On one occasion, Patsey went to a neighboring plantation for a bar of soap. When Epps found out she had left his plantation, he had four stakes hammered into the ground and ordered her hands and feet to be tied to them; she was stripped naked, and Epps ordered Northup to whip her. Epps then took the whip himself until she was "literally flayed" from over 50 lashes. Epps had saltwater poured over her wounds. Patsey nearly died. Northup and Patsey were severely traumatized due to all the abuse that she endured. After this brutal whipping, she lost her light-hearted manner, the sparkle in her eyes, and the ease of her laughter. She often wished that she would die.

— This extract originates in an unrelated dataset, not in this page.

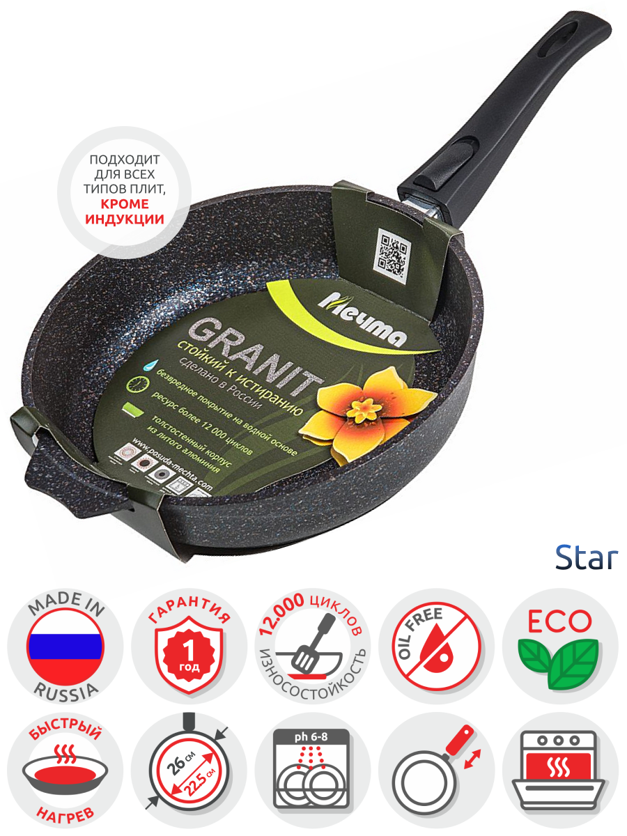 Набор посуды (сковорода 26 см, кастрюля 5 л, ковш 1,7 л, 2 съемных ручки, 2 крышки), мечта "Гранит Black", 001802, 700722

Northup knew Patsey for almost a decade. As he was about to leave the Epps plantation in 1853, he said that:

Patsey ran from behind a cabin and threw her arms about my neck. 'Oh! Platt [the name given to Northup by his kidnappers],' she cried, tears streaming down her face, 'you're goin' to be free—you're goin' way off yonder where we'll neber see ye any more. You've saved me a good many whipping, Platt; I'm glad you're goin' to be free—but oh! de Lord, de Lord! what'll become of me?
— Solomon Northup

Northup then boarded a carriage to freedom and he never saw her again. In 1854, his book Twelve Years a Slave was published. Almost ten years after, during the American Civil War, the 110th New York Infantry Regiment came to the plantation. They met Bob, one of the enslaved men mentioned in Northup's book, which several soldiers had read. Patsey left the plantation in May 1863 with the Union soldiers. Patsey's life and fate thereafter are unknown. In 1850, Patsey had a daughter named Mary White, born into slavery on the Epps plantation. Mary was later sold down south, and she had children of her own, sons Jacob White and George Dudley White and a daughter Sarah White, who told the family story to her children.

==Popular culture==
The 2013 film 12 Years a Slave was nominated for nine Academy Awards and won the Academy Award for Best Picture. With renewed interest from the film, historians continue to research in hopes of pinpointing more specifically what happened to her.